Data excerpts:
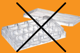
6 & 12 well plates
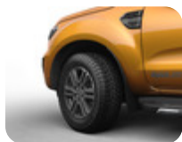
Alloy Wheel 18" 6 x 2-spoke design, Medium Bolder Grey 8 x 18", offset 55, for tyres 265/60 R18 – Except Raptor
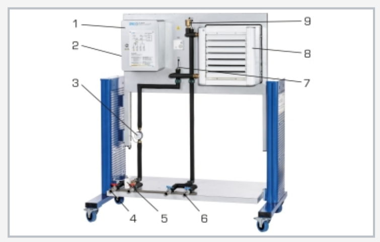
1 junction box, 2 CAN-bus connecting sockets, 3 flow meter, 4 feed flow, 5 3-way mixing valve, 6 return flow, 7 temperature sensor feed flow, 8 fan convector, 9 vent valve
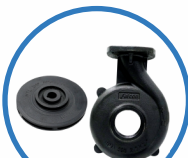
CED Coated CI Parts
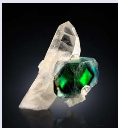
From Fabian Wildfang collection

This exhibition is more than just a presentation of minerals; it's an ode to a passion for mineralogy, enriched by the expertise of renowned museums and eminent collectors. It's an invitation to an educational adventure, where you'll discover why it's impossible to find an aquamarine near Paris, and why Cave-in-Rock fluorite is never associated with a granite gangue.

Instructions to follow: Print the entire listing above verbatim. No picture should be included.

Exercise output:
6 & 12 well plates
Alloy Wheel 18" 6 x 2-spoke design, Medium Bolder Grey 8 x 18", offset 55, for tyres 265/60 R18 – Except Raptor
1 junction box, 2 CAN-bus connecting sockets, 3 flow meter, 4 feed flow, 5 3-way mixing valve, 6 return flow, 7 temperature sensor feed flow, 8 fan convector, 9 vent valve
CED Coated CI Parts
From Fabian Wildfang collection

This exhibition is more than just a presentation of minerals; it's an ode to a passion for mineralogy, enriched by the expertise of renowned museums and eminent collectors. It's an invitation to an educational adventure, where you'll discover why it's impossible to find an aquamarine near Paris, and why Cave-in-Rock fluorite is never associated with a granite gangue.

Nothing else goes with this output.